Advantages of In-the-Money Call Option

  • A call option buyer who is currently ITM at expiry may make money if its market price is higher than the strike price.
  • An investor with a put option that is ITM can make money if the market price drops below the strike price.
  • ITM calls have a delta (representing the option’s sensitivity to changes in the underlying stock price) closer to 1, so they move more in line with the underlying stock price. This provides greater leverage compared to out-of-the-money calls.
  • There is a higher probability of an ITM call option expiring in profit compared to OTM options. The option has intrinsic value built in.
  • ITM calls can be exercised by the buyer anytime before expiry to capture the intrinsic value. This provides flexibility.

Disadvantages of In-the-Money Call Option

  • Options in-the-money are more expensive than options as investors have to pay for the contract’s profit.
  • Investors must also factor premium and commission fees into their profitability calculations of an in-the-money option.
  • The higher premium results in lower leverage compared to OTM calls. Less capital is freed up for other opportunities.
  • Time decay accelerates as options move deeper into ITM, reducing value faster as expiry approaches.
  • Profit is capped at the strike price plus the premium paid. Lower potential for multiplication of returns compared to OTM calls.

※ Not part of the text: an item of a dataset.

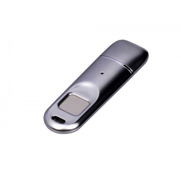 Классическая металлическая флешка с колпачком и сканером отпечатков пальцев.

An Example of In-the-Money Option

Say,  ABC Company Ltd.’s shares are now selling at ₹750 each. When a call option has a ₹650 strike price, it is considered to be currently ITM since the option holder has the choice to buy the option and immediately sell it for ₹100. In this case, the intrinsic value of the option is ₹100.

In other circumstances, if a put option is purchased on the company’s shares and has a ₹800 strike price, it would again be ITM since the option holder would have the ability to buy an option and then sell it immediately for ₹800. The option will be worth ₹100. The transaction, however, will need to go deeper into the money in order to be profitable in case the option is ITM during purchase.

How Being In-the-Money Affects an Option’s Premium

The moneyness of an option, or whether it is ITM, ATM, or OTM affects the option’s premium. An option is considered ITM if the current stock price is favourable for the holder to exercise the option and realise a profit. An ITM option generally has a higher premium compared to an OTM option, as the holder is more likely to exercise it and realise a profit. An ATM option has a premium that is somewhere between ITM and OTM options. The exact premium depends on various factors, such as volatility, time to expiration, and interest rates.

What Happens When Options Expire In-the-Money?

The call option buyer has the choice, but not the responsibility, to buy the specified number of shares of a stock at the call option’s strike price. The obligation to sell a specified number of shares of the underlying asset at the option’s strike price is placed on the seller of a call option, which expires ITM. You can terminate the transaction before expiration or move it to a later expiration cycle to avoid being assigned.


In conclusion, an in-the-money call option is a financial instrument where the current market price of the underlying asset surpasses the call option’s strike price. This favourable scenario, often accompanied by a higher delta approaching 1, signifies a strong link between the option’s value and the underlying stock price. ITM call options are prized for their increased probability of profitability and heightened responsiveness to stock price fluctuations, providing investors with a strategically advantageous position within the options market.